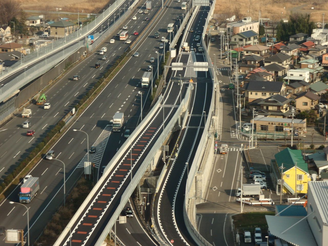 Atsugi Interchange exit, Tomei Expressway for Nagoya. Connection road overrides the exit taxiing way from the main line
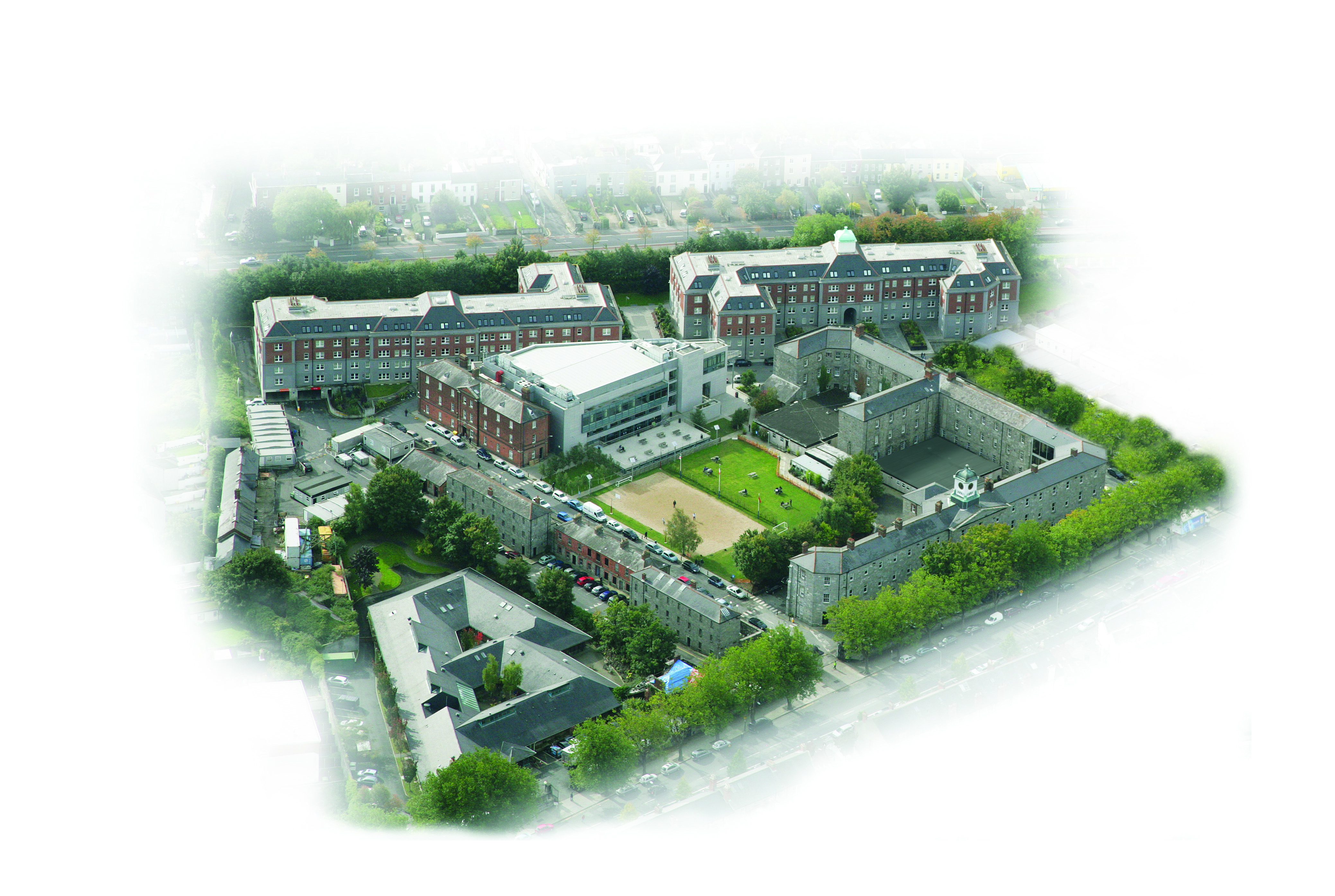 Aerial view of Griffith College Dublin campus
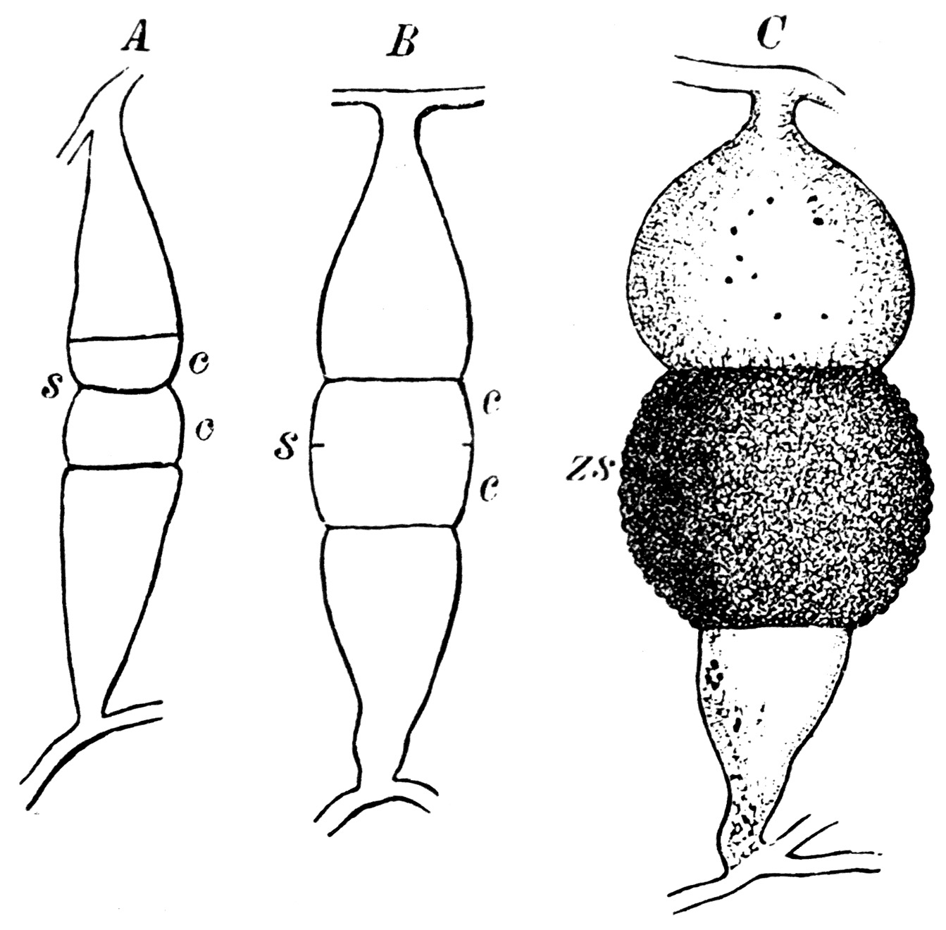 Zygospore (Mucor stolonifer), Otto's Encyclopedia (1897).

Exercise: Please output all of the data exactly as given, omitting any images it holds.

Task response:
 Atsugi Interchange exit, Tomei Expressway for Nagoya. Connection road overrides the exit taxiing way from the main line
 Aerial view of Griffith College Dublin campus
 Zygospore (Mucor stolonifer), Otto's Encyclopedia (1897).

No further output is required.